Location
- Trevithick Road Plymouth, Devon, PL5 2AF England
- Coordinates: 50°24′22″N 4°10′33″W﻿ / ﻿50.40617°N 4.17577°W

Information
- Type: Academy
- Department for Education URN: 147967 Tables
- Ofsted: Reports
- Principal: Jennifer Brimming
- Gender: Mixed
- Age: 3 to 19
- Houses: Pegasus; Kraken; Phoenix; Griffin;
- Publication: MAPNews
- Website: www.marineacademy.org.uk

= Marine Academy Plymouth =

Marine Academy Plymouth (formerly Tamarside Community College) is a mixed all-through school located in the King's Tamerton area of Plymouth in the English county of Devon. The school includes a nursery, primary, secondary and sixth form section.
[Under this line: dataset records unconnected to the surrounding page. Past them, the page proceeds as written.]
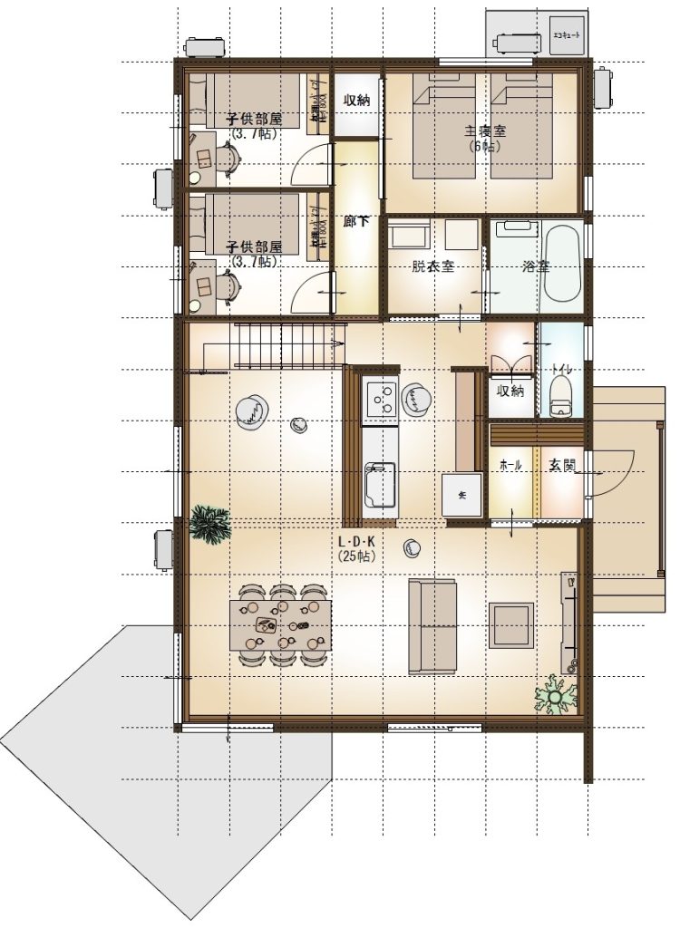 ご提案プラン①に和室コーナーをLDK横に設け、
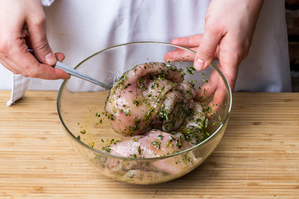 Die Rosmarinnadeln von den Stängeln streifen, fein hacken und mit 1–2EL Olivenöl vermischen. Die Hähnchenscheiben mit dem Rosmarinöl vermischen, das Fleisch von beiden Seiten mit Salz und Pfeffer würzen und bis zur weiteren Verwendung beiseitestellen.
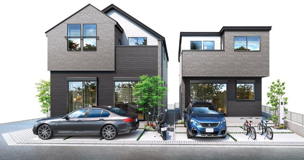 それぞれの住まいを異なる外壁材や屋根形状にすることで、外観デザイン・シルエットに違いをつけています。現地は第1種低層住居専用地域に位置し南西角地を含む全邸南道路に面しているため、陽当たりが良く、採光性に優れています。
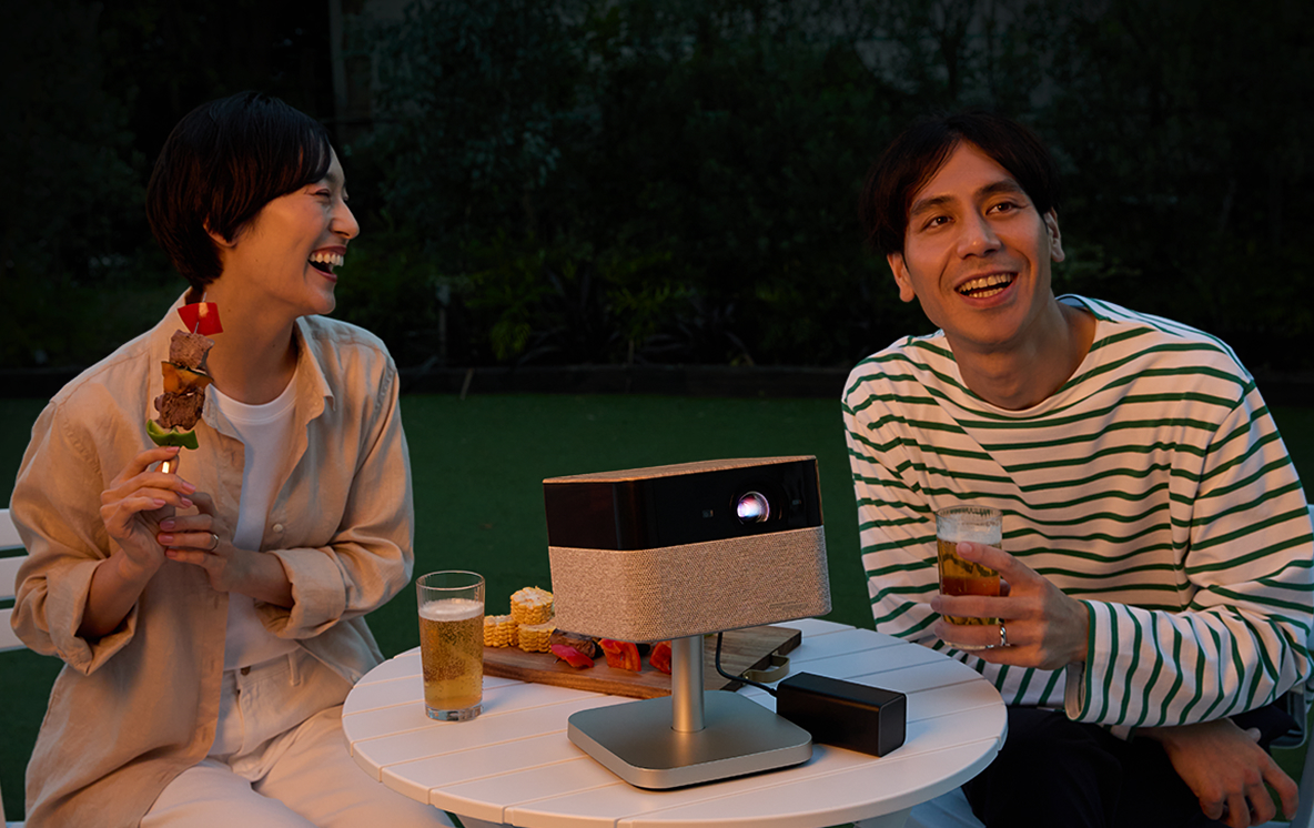 Power Delivery対応のType-Cポートを搭載し、大容量モバイルバッテリーからの給電に対応。コンセントに接続できない場所でも駆動でき、キャンプやベランダ、庭など電源が確保しにくいシーンでも大画面で映像を楽しめます。持ち運びやすく、自由度の高い使い方を実現できるのが魅力です。リビングや寝室に限らず、あらゆる場所がシアタールームに変わります。週末のアウトドアや家族の集まりなど、特別なひとときをより盛り上げてくれます。
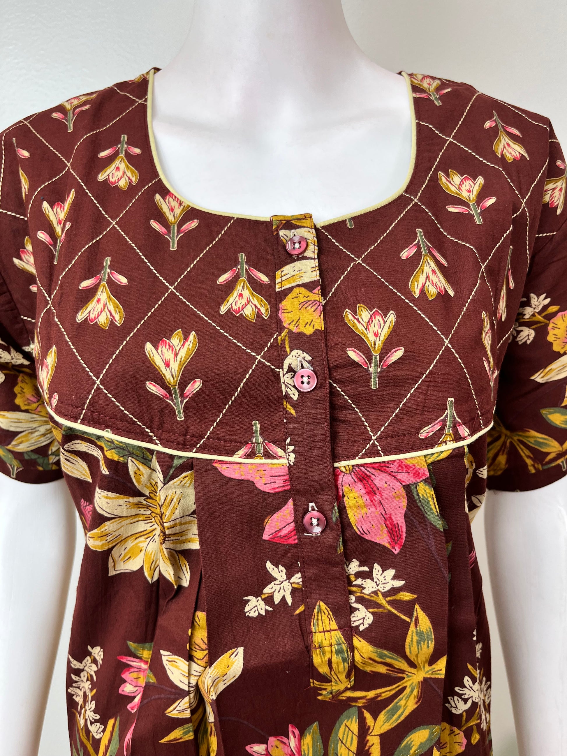 Brown Pure Cotton Nightgown Soft & Comfortable

Previously a community school administered by Plymouth City Council, Tamarside Community College was converted to academy status on 1 September 2010 and was renamed Marine Academy Plymouth. As an academy the school is sponsored by Plymouth University, Cornwall College and Plymouth City Council.

==Academics==
Marine Academy Plymouth offers GCSEs and BTECs as programmes of study for pupils, while students in the sixth form have the option to study from a range of A-levels, Cambridge Nationals and further BTECs. The school also offers some vocational courses in conjunction with Cornwall College.

==School buildings==
- Escher; named after M. C. Escher, the Dutch graphic artist. The upper floor of the building houses the Art, Technology and Catering classrooms whilst the ground floor includes Maths and English classrooms.
- New Build; the new building opened in 2013 and features three floors with each floor being designated a 'Learning Area'. The top floor is the Humanities and Languages area however the classrooms are also used for Health & Social Care lessons. The ELC (Effective Learning Centre) is also situated on this floor. The first floor consists of mainly English & Science classrooms however this floor also houses many offices including Technicians, Finance and the Principal's office. On the Ground floor you can find the Academies Area consisting of ICT, Business and the Beauty Salon. The Library, Canteen and Performing Arts Classrooms and Theatre are also situated on this floor.
- Sports Complex; Built in 1991 the Complex is equipped with a large Sports Hall and a Gym. Many community based activities are also held within the Complex. When needed the Sports Hall will also double as an Exam Hall for GCSE & A Level examinations.

==Marine Academy Primary (MAP2)==
Marine Academy Primary is part of the first all-through school in Plymouth. Until Easter 2014 MAP2 was based in the remaining 1930s buildings after the new buildings were created for the Secondary side of the school. When the pupils returned after the Easter Holidays the newly created Marine Academy Primary building based south of the main campus was opened. Part of this new building is shared with the Sixth Form.